→ **Problem requirements**
Omit all pictures. Copy exactly the lines from the line containing "空港の滑走路上で働く若い男性" to the end of the listing, with both ends included.

→ **Records for this task**
┄┄┄┄┄┄┄┄┄┄┄┄┄┄┄┄┄┄┄┄
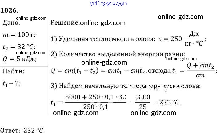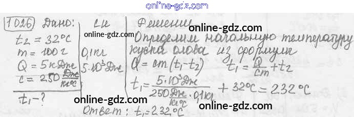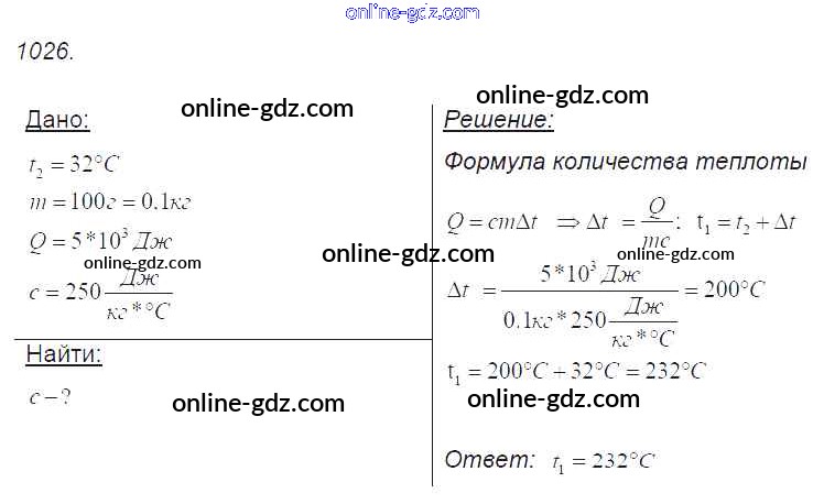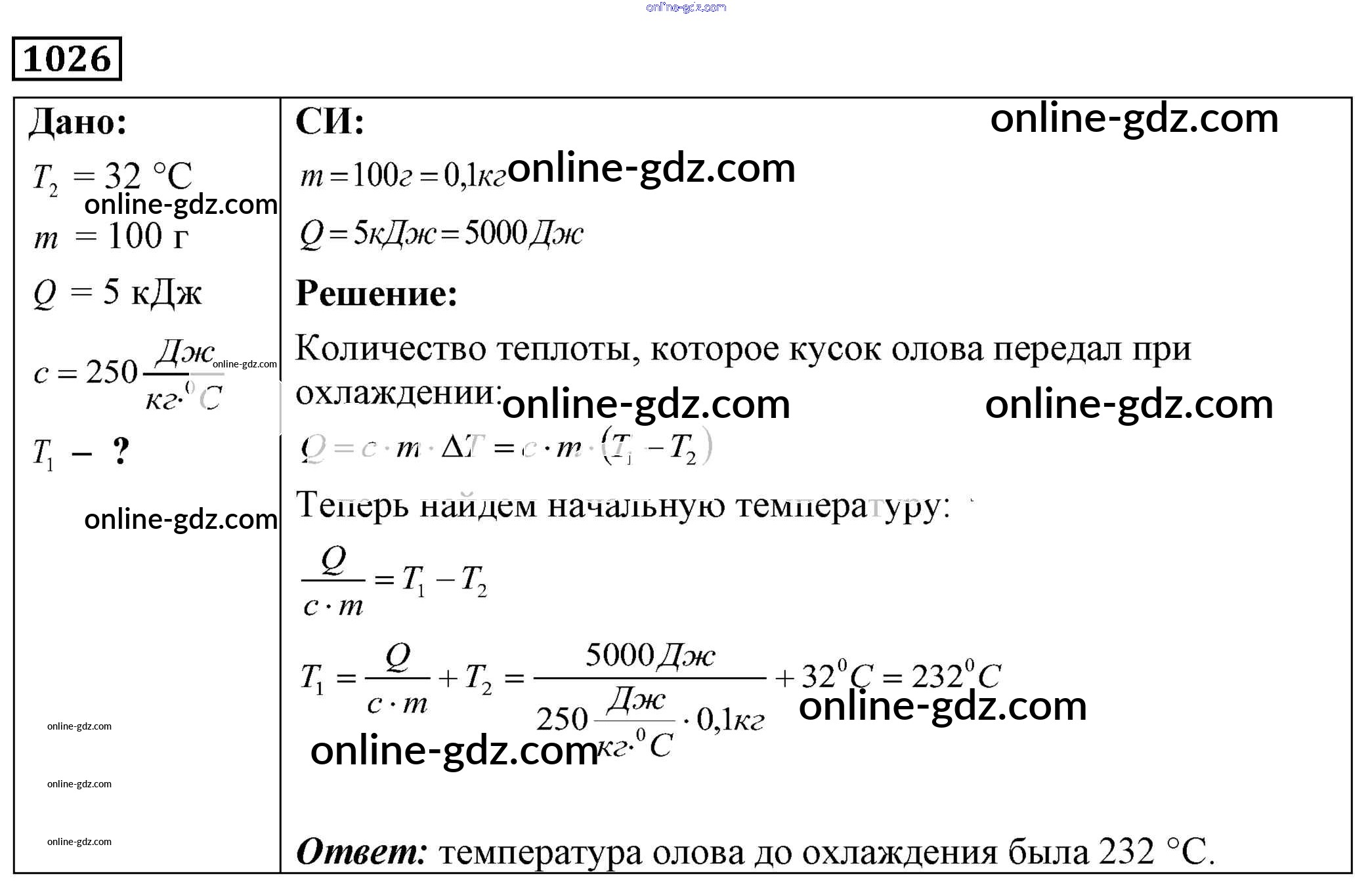 Готовые домашние задания по Физике за 7, 8, 9 класс Сборник задач Лукашик, Иванова 2011 - Задания 1026
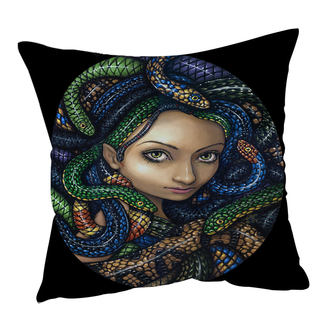 Snakes for Hair a Portrait of Medusa Throw Pillow
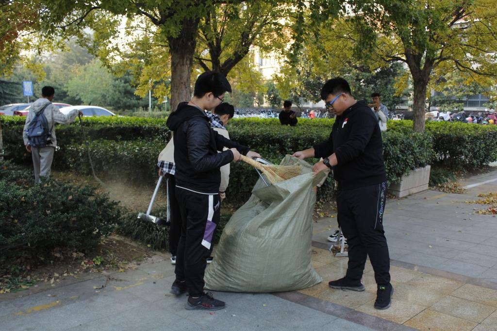十大正规买足球网站广泛征集志愿者,各班级同学积极报名,纷纷加入志愿者行列。11月13日,构建文明校园活动正式开始,身着绶带的志愿者在负责人的指挥下,来到了B3宿舍楼和J11公司楼停车区域,将倒在地上的自行车扶起,将乱停乱放的自行车摆的整齐划一。11月14日,活动如期继续进行,携带打扫卫生的工具的志愿者分为两批,分别在宿舍楼和公司楼附近清理秋日的落叶,并将道路和绿化带上的垃圾捡起,一一分类放进垃圾袋里。他们清扫的地方又恢复了往日洁净如新的景色。
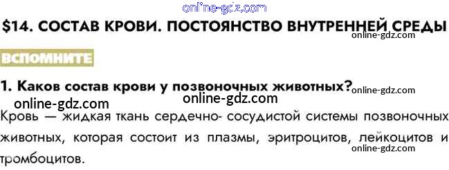 Готовые домашние задания по Биологии за 8 класс Учебник Пасечник, Каменский Линия жизни 2016 - Вспомните §14. Состав крови. Постоянство внутренней среды 1
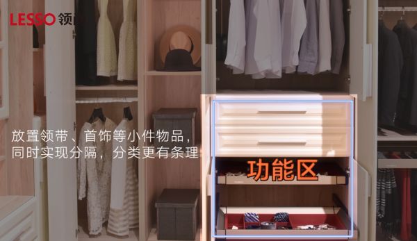 领尚衣柜在分区设计上融入了专业的衣柜收纳整理法则,善于处理好人和物品空间的关系,为建立“秩序感”做足准备。
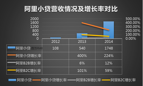 同時(shí),這部分業(yè)務(wù)處于較快的成長(zhǎng)期。數(shù)據(jù)顯示,阿里小貸業(yè)務(wù)目前處于高速增長(zhǎng)階段。2013年同比增長(zhǎng)400%,2014年同比增長(zhǎng)超過(guò)200%。更有意思的是,其增長(zhǎng)率與阿里巴巴B2C業(yè)務(wù)的增長(zhǎng)率產(chǎn)生了某種對(duì)應(yīng)關(guān)系,2013年,阿里小貸業(yè)務(wù)增長(zhǎng)率是B2C業(yè)務(wù)增長(zhǎng)率的4倍,2014年阿里小貸業(yè)務(wù)增長(zhǎng)率則是B2C業(yè)務(wù)增長(zhǎng)率的3.8倍。目前暫無(wú)法確定這一現(xiàn)象是巧合抑或真實(shí)存在這一對(duì)應(yīng)關(guān)系。如若這種對(duì)應(yīng)關(guān)系穩(wěn)定,那么B2C業(yè)務(wù)增長(zhǎng)約25%,阿里小貸業(yè)務(wù)營(yíng)收即實(shí)現(xiàn)一倍左右增長(zhǎng)。
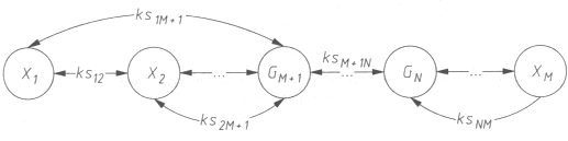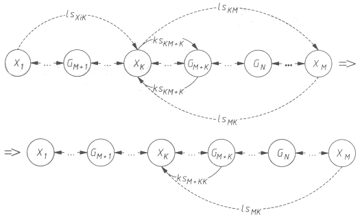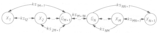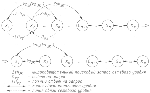 Тогда далее граф взаимодействия объектов РВС изменяется следующим образом: исчезает линия связи канального уровня ks2M+1, соединяющая объекты Х2 и GM+1 и появляется линия связи ks2M+1, которая теперь соединяет объекты X2 и Х1 (объект X1 воспринимается объектом X2 как роутер GM+1). Соответственно на канальном уровне путь между Х2 и XM проходит теперь через вершины X1, GM+1 ... GN.
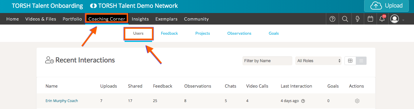 Another way to manage and set goals in your system is to select the 'Users' tab in Coaching Corner.
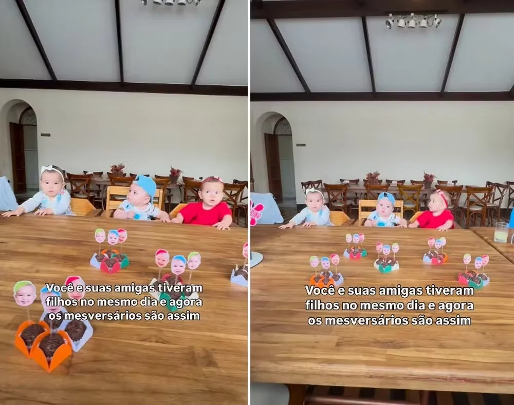 Três amigas de Niterói (RJ) viveram uma coincidência rara: os filhos de cada uma nasceram no mesmo dia, 10 de novembro de 2024. Desde então, os mêsversários são comemorados em conjunto. Ana Julia Campos deu à luz Marina; Paula Costa teve o Bernardo, e Carolina Monnerat é mãe de Maria. Todas são mães de primeira viagem.
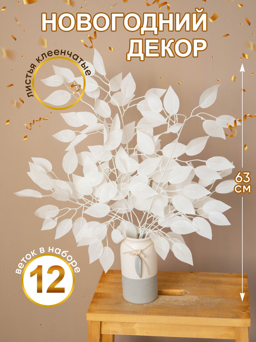 10 цен на Цветы искусcтвенные для декора, Магазин искусственных цветов №1, Набор из 12-ти веток Фикуса белый, клеенчатые
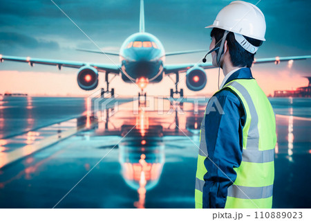 空港の滑走路上で働く若い男性
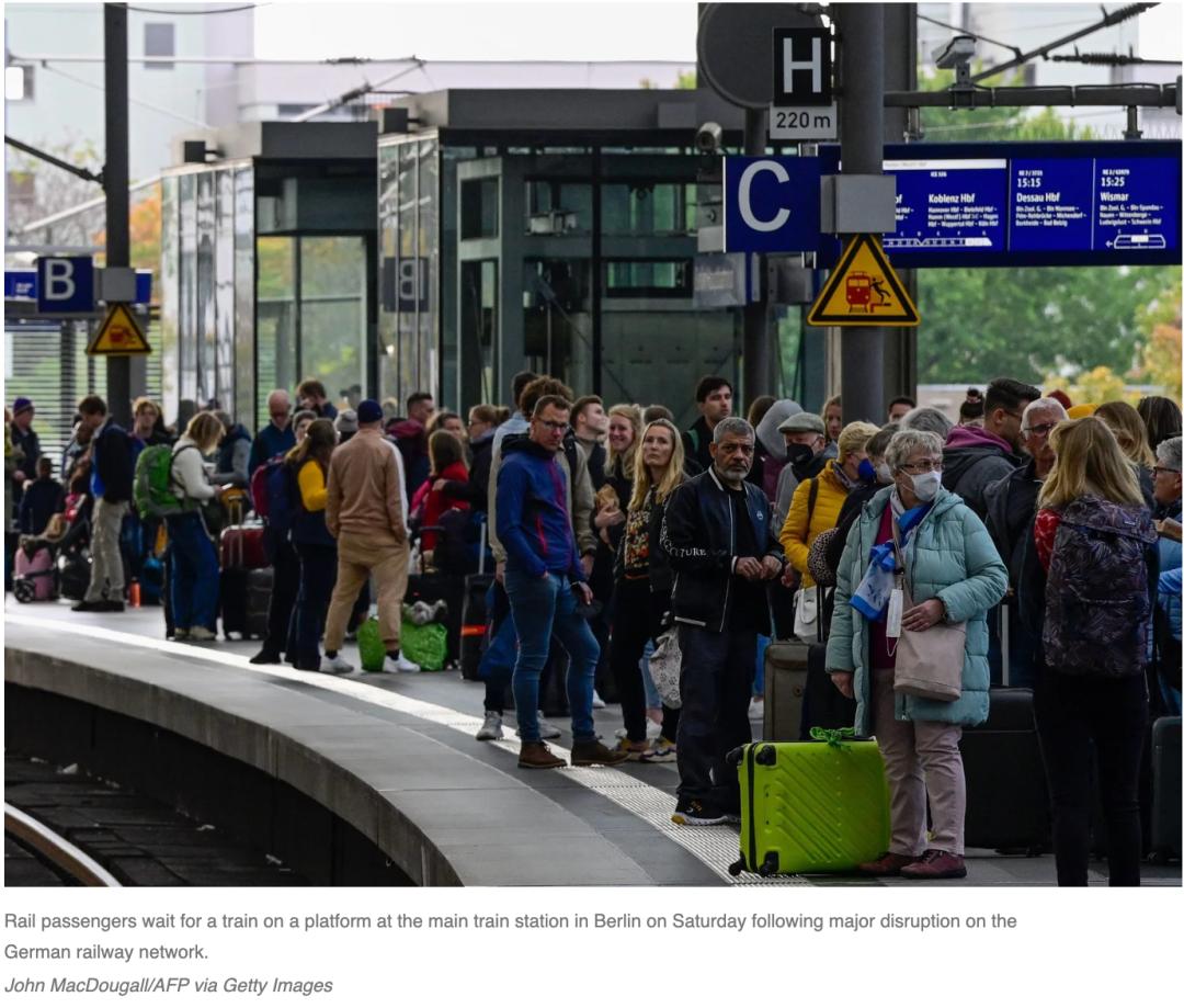 据德新社8日报道,德国北部地区的铁路交通当天一早便陷入瘫痪,大量旅客被困在火车站,在服务窗口附近排起长队,候车大厅的显示屏则全屏显示列车延误或取消。德国联邦铁路公司当天早些时候将网络中断归咎于无线电通信技术问题。德国《明镜》周刊称,通信系统于当地时间8日6时40分左右关闭。11时许,德铁公司在推特上发文称,铁路交通已经部分恢复,但警告仍将有列车取消或延误。列车中断影响了萨克森州、石勒苏益格-荷尔斯泰因州、不来梅市和汉堡市的铁路服务,并连带影响了德国前往丹麦和荷兰的国际铁路运输。
┄┄┄┄┄┄┄┄┄┄┄┄┄┄┄┄┄┄┄┄
→ **Result for this task**
 空港の滑走路上で働く若い男性
 据德新社8日报道,德国北部地区的铁路交通当天一早便陷入瘫痪,大量旅客被困在火车站,在服务窗口附近排起长队,候车大厅的显示屏则全屏显示列车延误或取消。德国联邦铁路公司当天早些时候将网络中断归咎于无线电通信技术问题。德国《明镜》周刊称,通信系统于当地时间8日6时40分左右关闭。11时许,德铁公司在推特上发文称,铁路交通已经部分恢复,但警告仍将有列车取消或延误。列车中断影响了萨克森州、石勒苏益格-荷尔斯泰因州、不来梅市和汉堡市的铁路服务,并连带影响了德国前往丹麦和荷兰的国际铁路运输。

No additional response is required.